Does the possibility of doing another thing frightens you? It is safe to say that you are excessively alright with how things are?
A couple of days back I would have replied "no" to every one of these inquiries. I tend to consider myself to be a daring individual and somebody who is continually searching for something new to experiment with and willing to grasp change.
That was until the point when a straightforward visit to a market changed my recognition about my capacity to acknowledge change. I saw, as I experienced the isles picking the things that were on my shopping list, that I was searching for similar things I had dependably purchased a seemingly endless amount of time. Actually I barely thought about purchasing whatever else. In the event that I needed to purchase tea then it must be mark x and not y since that is the thing that I had dependably purchased.
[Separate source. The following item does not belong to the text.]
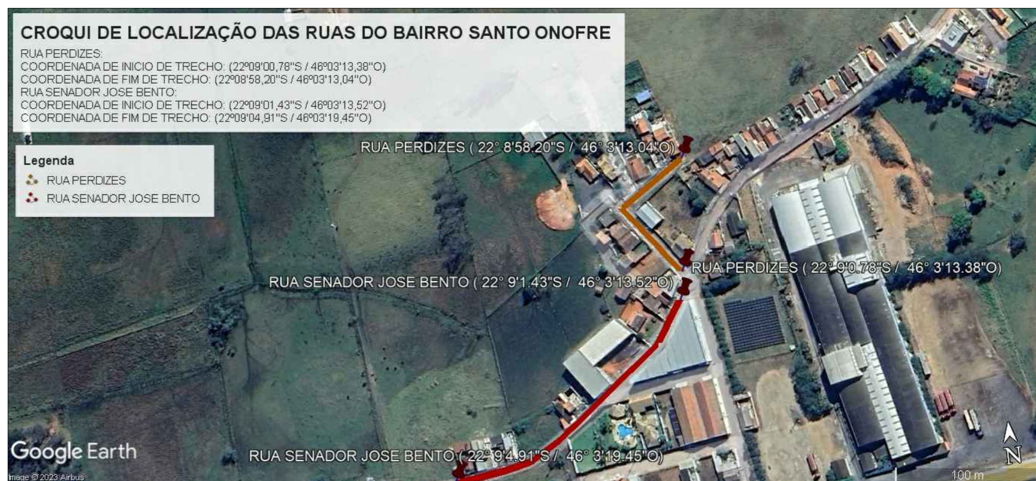
LOCALIZAÇÃO DAS RUAS NO BAIRRO SANTO ONOFRE RUA PERDIZES: COORDENADAS: INICIAL (22°9'0,78"S / 46°3'13,38"O) - FINAL (22°8'58,20"S / 46°3'13,04"O) RUA SENADOR JOSE BENTO: COORDENADAS: INICIAL (22°9'1,43"S / 46°3'13,52"O) - FINAL (22°9'4,91"S / 46°3'19,45"O)

When this jumped out at me I began pondering other comparative things that I may have been doing. For example I understood each visit to the stylist was to get a similar hair style I had a month ago, and the month prior to that. At that point there was the "Bronx" shoe that I generally purchased at whatever point I required a couple of shoes. What about wearing a similar antiperspirant a seemingly endless amount of time? Or on the other hand purchasing a similar magazine a seemingly endless amount of time? At that point there's eating a similar sustenance at whatever point you go out?
I halted my trolley. I don't know for to what extent. I gazed straightforwardly before me. I was staggered at how normal, unexciting and unsurprising things had progressed toward becoming. With an end goal to switch this entire pattern I pivoted and set back a considerable lot of the things I had put in the trolley and traded them for various brands.